If someone buys my music on iTunes, Amazon, or in a record store (remember those?), let alone streams it on Spotify, it’s all short-term money. That might be the last  interaction I have with that particular fan. But if I give that fan the same record for free in exchange for a connection (an e-mail and a zip code), I can make that same money, if not double or triple that amount, over time. And “over time” is key, since the ultimate career success is sustainability. Longevity. See, the reality is that out of a $10 iTunes album sale, I probably net around a dollar. So if I give that record away, and as a result am able to get that fan out to a concert (I can use their zip code to specifically promote my shows in their area), I make approximately $10 back, and twice that if they visit the merch table. I can sell them an older/newer album and make approximately $10 back. The point is, if I can find some organic way to creatively engage them in a paid follow-up transaction, I increase my revenue 10 times on any one of these interactions.

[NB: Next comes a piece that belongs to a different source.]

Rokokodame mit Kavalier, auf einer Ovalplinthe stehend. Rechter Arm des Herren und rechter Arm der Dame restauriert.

I’ve wondered for years what life was like before recorded music… back when you had to play it yourself, or get a friend to play it, if you wanted to hear music. When sheet music was incredibly popular and grandparents taught their grandchildren the songs they learned from their own grandparents before them. Were there concerts? Of course there were—think Beethoven and Bach, if nothing else. But otherwise, I can’t fathom a world without commercialized music.

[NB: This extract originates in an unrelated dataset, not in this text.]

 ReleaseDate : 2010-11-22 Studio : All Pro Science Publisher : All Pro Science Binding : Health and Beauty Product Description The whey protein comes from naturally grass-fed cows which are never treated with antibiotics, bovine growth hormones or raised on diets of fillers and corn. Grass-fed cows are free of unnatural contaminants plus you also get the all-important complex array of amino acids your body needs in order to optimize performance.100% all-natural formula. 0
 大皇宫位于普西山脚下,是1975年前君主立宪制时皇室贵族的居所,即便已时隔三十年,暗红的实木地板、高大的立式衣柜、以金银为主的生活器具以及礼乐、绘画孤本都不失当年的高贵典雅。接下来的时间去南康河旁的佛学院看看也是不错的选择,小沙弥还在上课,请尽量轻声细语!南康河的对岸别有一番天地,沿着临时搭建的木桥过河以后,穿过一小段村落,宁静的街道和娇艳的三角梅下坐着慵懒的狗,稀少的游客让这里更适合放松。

Journalism’s future is bright—well of course the OJR (Online Journalism Review) would say that, but still. It’s an interesting read and I’m fascinated by the then-v-now timeline of how a reporter’s day is spent.

Can men and women be “just friends”? A college student takes a video straw poll. My opinion? Yes, they can. The simplest reason: What else would you call a brother/sister or cousin/cousin relationship?

When Pigs Fly—a Boundless article that exhorts people to view sex and gender roles positively, i.e. not portraying guys as “pigs out to get you.”

Would it be controversial to say men are supposed to be the way we are? That, despite the sin we struggle with, there is something good and God-like lying dormant in our sexual wiring? To believe that my sexuality is a gift and not a curse, most of the time I feel like I'm hoping against hope.

Everything you thought you knew about learning is wrong. And this is how to do it right. Or so says Wired:

Taking notes during class? Topic-focused study? A consistent learning environment? All are exactly opposite of the best strategies for learning.

I recently had the good fortune to interview Robert Bjork, the director of the UCLA Learning and Forgetting Lab, a distinguished professor of psychology, and a massively renowned expert on packing things in your brain in a way that keeps them from leaking out.

It turns out that everything I thought I knew about learning is wrong.

Stop whining about who’s rich and start helping who’s poor. That’s the approach that should grow out of the quintessential American attitude toward prosperity and income inequality, according to James Q. Wilson, writing for the Washington Post. At the end of the article he suggests a business  model for developing ways to help the poor become not-so-poor, and it requires rich investors. (Didn’t it always? You can’t even have a good rental house without someone richer to rent it from…)

And today’s video… a song I heard on the radio last weekend and immediately fell in love with. Somehow, my college roommate has loved this song for years and I don’t remember hearing it emanating from her computer, ever!

 

It’s an earworm for me. The chorus was stuck in my head for three straight days. It makes me wonder though—how’s John Mayer treating the women in his life?